半年过去了。商柔早就可以侍寝了,牧晚馥却彻底地忘记他。商柔总算明白,自己乞求回来的卑微地位,原来是如此可有可无。他只有牧晚馥,牧晚馥却还有许多许多人可以陪伴着他。
由於商柔毕竟是男人,加上大家都心照不宣他是旧日驸马,而且宫外又有陆萱和许成儒照应,大家都不敢对他有所造次。
陆萱和许成儒便时常探望商柔。他们都没有带婉儿过来,毕竟在婉儿的心中,自己的舅舅已经随舅母而去,商柔也不想让侄女知道自己现在是牧晚馥的男宠。
凛冬将至,这三个男人竟然躲在商柔的寝殿里吃火锅,热得商柔满头大汗,他吐着舌头道:「成儒,你是从哪里把这材料买来的?虽然味道很好吃,但实在太辣了。」
「是来自天竺的香料。」许成儒也吃得有点大舌头。
反而是陆萱下筷如风,肉丸和生菜都被他抢光了。
「陆萱你是人还是禽兽,为什麽吃得那麽快?」许成儒瞠目结舌。
「是你们太慢了,你们还没有打过仗,在战场上时吃东西可没有那麽多时间废话,一不小心就什麽都被吃光了。」陆萱得意洋洋地说道。
吃完火锅之後,陆萱便拍开了他带来的梅花酿的封泥。
许成儒说道:「陆萱,你身上的伤不是还没有好吗?还是别喝酒了。」
「你受伤了?」商柔看着陆萱。
陆萱闹别扭似地喝了一口梅花酿,闷闷地说道:「没什麽,在妓院里看上一个女的,刚好闻萧伶也和她看对眼了,便跟他打了一场架。」
「一个是禁卫军统领,一个是骠骑大将军,为了一个妓/女而大打出手,你们还要面子吗?」许成儒忍不住说道。

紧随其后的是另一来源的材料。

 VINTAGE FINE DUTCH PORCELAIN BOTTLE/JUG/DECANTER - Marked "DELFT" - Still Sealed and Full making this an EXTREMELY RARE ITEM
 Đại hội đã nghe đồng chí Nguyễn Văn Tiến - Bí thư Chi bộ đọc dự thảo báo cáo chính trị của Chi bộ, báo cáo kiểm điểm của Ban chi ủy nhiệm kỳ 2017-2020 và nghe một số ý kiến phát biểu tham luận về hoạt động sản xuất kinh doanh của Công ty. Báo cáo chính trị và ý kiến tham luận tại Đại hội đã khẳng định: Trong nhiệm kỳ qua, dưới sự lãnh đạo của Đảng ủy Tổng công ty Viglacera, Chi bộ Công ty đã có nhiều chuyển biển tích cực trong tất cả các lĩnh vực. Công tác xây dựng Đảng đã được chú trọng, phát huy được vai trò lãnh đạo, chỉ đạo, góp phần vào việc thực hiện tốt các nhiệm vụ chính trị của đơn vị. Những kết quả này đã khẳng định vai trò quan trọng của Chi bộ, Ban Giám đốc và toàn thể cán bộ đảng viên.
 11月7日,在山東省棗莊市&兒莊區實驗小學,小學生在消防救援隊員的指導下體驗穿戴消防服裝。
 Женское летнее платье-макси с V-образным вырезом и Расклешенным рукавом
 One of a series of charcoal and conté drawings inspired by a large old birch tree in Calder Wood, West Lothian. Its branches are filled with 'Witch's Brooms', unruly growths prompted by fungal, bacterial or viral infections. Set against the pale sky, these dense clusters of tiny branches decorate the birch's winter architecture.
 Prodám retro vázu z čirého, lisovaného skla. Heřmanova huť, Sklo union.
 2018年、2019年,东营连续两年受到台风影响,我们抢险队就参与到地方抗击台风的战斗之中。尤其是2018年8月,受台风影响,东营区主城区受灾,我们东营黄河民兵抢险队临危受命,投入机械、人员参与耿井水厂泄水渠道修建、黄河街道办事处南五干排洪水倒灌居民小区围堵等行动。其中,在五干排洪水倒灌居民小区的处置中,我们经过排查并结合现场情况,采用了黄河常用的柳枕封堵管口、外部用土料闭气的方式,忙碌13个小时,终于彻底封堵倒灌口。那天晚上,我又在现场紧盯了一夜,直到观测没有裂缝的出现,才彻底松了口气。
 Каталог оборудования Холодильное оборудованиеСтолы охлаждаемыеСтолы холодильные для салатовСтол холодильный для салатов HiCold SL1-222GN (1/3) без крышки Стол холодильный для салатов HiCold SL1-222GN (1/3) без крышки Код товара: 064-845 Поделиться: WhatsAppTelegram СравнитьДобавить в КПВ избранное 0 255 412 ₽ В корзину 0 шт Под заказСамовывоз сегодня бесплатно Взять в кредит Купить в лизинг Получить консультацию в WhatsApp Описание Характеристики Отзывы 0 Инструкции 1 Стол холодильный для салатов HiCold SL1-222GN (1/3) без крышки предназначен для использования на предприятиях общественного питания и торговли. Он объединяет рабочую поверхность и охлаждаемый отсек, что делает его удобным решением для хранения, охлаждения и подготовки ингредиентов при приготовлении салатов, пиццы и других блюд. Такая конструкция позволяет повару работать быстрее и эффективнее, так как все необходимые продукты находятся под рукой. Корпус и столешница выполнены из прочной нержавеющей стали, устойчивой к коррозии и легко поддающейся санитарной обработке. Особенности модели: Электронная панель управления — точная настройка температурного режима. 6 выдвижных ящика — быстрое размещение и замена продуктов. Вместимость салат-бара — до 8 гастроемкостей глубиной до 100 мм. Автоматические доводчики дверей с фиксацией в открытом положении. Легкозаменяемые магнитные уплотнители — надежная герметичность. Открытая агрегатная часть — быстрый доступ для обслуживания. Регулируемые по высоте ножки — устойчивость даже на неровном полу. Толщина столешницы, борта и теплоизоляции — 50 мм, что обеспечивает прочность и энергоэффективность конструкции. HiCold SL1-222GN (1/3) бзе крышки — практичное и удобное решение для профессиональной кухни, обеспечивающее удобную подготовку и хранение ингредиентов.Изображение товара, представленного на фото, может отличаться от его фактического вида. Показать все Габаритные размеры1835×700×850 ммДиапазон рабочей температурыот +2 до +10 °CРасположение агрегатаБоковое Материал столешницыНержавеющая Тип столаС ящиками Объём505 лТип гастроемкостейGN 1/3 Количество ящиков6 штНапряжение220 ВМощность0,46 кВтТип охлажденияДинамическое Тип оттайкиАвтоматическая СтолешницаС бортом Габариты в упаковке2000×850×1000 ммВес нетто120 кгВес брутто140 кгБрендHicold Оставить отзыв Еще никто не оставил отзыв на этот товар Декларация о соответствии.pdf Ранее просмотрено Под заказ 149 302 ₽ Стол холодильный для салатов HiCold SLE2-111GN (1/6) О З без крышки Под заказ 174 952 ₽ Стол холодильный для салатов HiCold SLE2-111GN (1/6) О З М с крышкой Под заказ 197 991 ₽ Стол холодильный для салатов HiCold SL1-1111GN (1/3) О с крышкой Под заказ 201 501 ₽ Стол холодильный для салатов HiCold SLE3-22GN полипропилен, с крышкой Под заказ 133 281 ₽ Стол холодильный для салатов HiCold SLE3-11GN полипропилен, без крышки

「冲冠一怒为红颜,这有什麽值得羞耻的?」陆萱不以为意,他眨眨眼睛道:「许成儒,你不会连女孩子的手都没有牵过吗?」
「关你什麽事。」许成儒踹了陆萱一脚,刚好踹到陆萱的伤口上,陆萱哭丧着脸说道:「你怎麽跟闻萧伶一个德性!你们俩老是一起抄家,性格怎麽也愈来愈相似了!」
商柔惊讶地看着许成儒,户部尚书怎麽跟骠骑大将军在一起了?
「那些陛下不方便出面做的事,都是由闻萧伶代劳的,有些老臣子倚老卖老,陛下不能当面发作,闻萧伶便找他们麻烦,顺便把那些使用寻常法子找不出来的贪污证据给挖出来,他手中可是有尚方宝剑,所以除了陛下,无人可以问责於他诛杀任何人。」陆萱指着许成儒道:「然後这家伙就去收钱了。谁要是不听话,吃了闻萧伶一刀也该听话了。」
「闻萧伶虽然嘴巴刻毒,但手底还是有几下子的。」许成儒也不得不承认闻萧伶除了漂亮之外,还是有一点点的优点。
许成儒抿唇道:「闻萧伶跟你??」
「别提起那个扫兴的家伙了。」陆萱摆了摆手,低头专心吃东西,挡着脸上那一闪而过的阴霾。
商柔的情绪愈来愈低落,相比起一无是处的自己,如此美丽骄傲又能干的闻萧伶实在出众。男儿志在四方,这大约也是为什麽闻萧伶成为将军,为牧晚馥开拓疆土,一统天下,反观自己却像菟丝般缠绕着牧晚馥而生长,缺少他的养分,自己也无法独活。到底是从什麽时候开始,自己变得如此依赖他?
「怎麽在发呆了?」陆萱拍了拍商柔的脑袋。
商柔闷闷不乐地摇头。
何以解忧,唯有杜康。
最後,三个男人都喝醉了。
商柔只觉得浑身发烫,忍不住推开门扉出去散热,要不然他真的会在那铺着地龙的寝殿里被闷死的。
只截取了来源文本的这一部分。